What is interesting is that we can remove all known instances of the virus, restart the machine run a full scan, and then still find the same or sometimes different objects.
One of the other major hurdles is that the virus is on multiple sites, however we are finding little consistency with how it operates and what trojans/ viruses are installed on the system.
Installed malwarebytes on a users machine whilst it was running the scan it continually prompted about C:\Windows\explorer.exe stating that it was trying to access a malicious website.
SEP has also started to recognise the edg(random No.).exe as part of the issue, possibly the carrier.
Currently our thinking is that the edg file is a trojan that is allowing cridex etc entry onto the system. However it appears SEP is blocking Cridex from fully activating, so the question is why isn't SEP finding and stopping this.
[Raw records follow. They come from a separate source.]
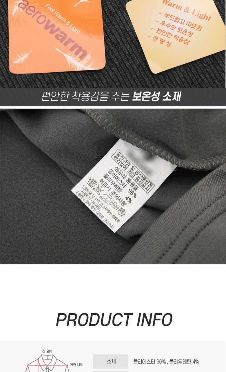 남성 기모안감 에어로웜 반폴라 경량 아웃도어 티셔츠 IU-MOK-412
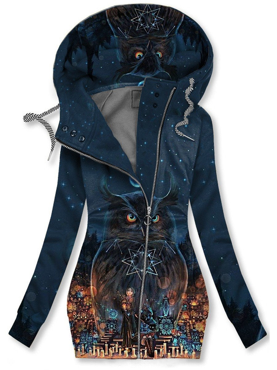 Women's Winter Owl Art Print Casual Track Jacket
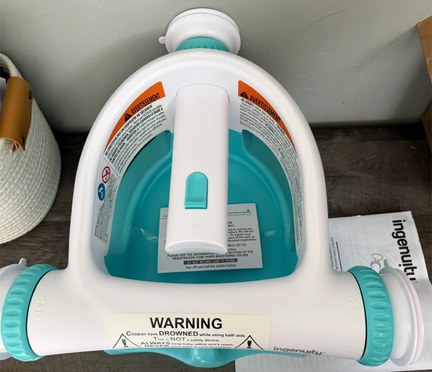 brand new. This bath seat supports child transitioning to an adult tub. It's white and teal with adjustable arms. Easy to clean and store.
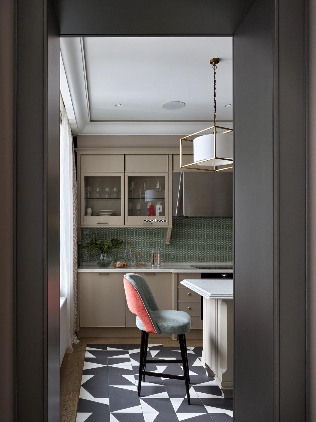 Кухня соединена с гостиной двумя большими открытыми проемами. На полу – плитка с активной геометрией, Mutina, коллекция Puzzle by Barber & Osgerby. Кухонный фартук отделан мозаикой мятного оттенка.
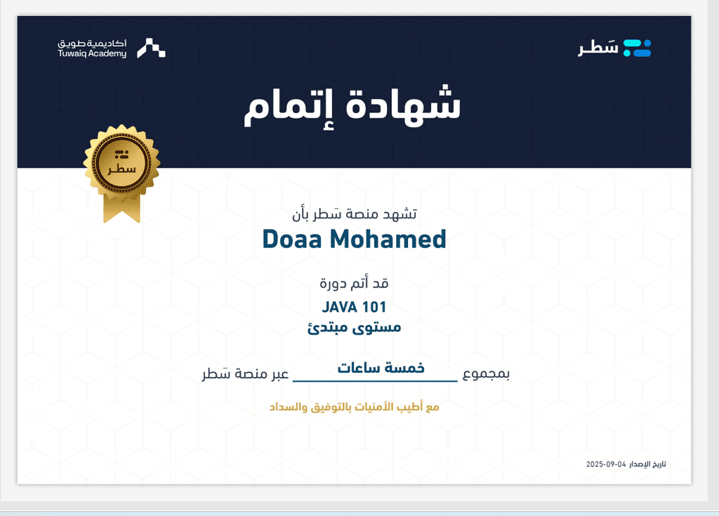 أنا مُختبرة برمجيات طموحة وتهتم بالتفاصيل، أمتلك أساس قوي في الاختبار اليدوي مع معرفة مبدئية بأدوات الأتمتة مثل Selenium. أستعد حاليًا لدخول سوق العمل بهدف المساهمة في تحسين جودة البرمجيات وتجربة المستخدم.

SEP says that you should be able to find files in the registry etc:
http://www.symantec.com/security_response/writeup.jsp?docid=2012-012103-0840-99&tabid=2
However personally been unable to find them thus far, but new machines have been infected here so will have a look.
The issue we have is that SEP didn't block the spam emails from executing their macros for a full day.
Sometimes a combination of SEP and Malwarebytes seems to remove all of the infected files etc. However this isn't always the case.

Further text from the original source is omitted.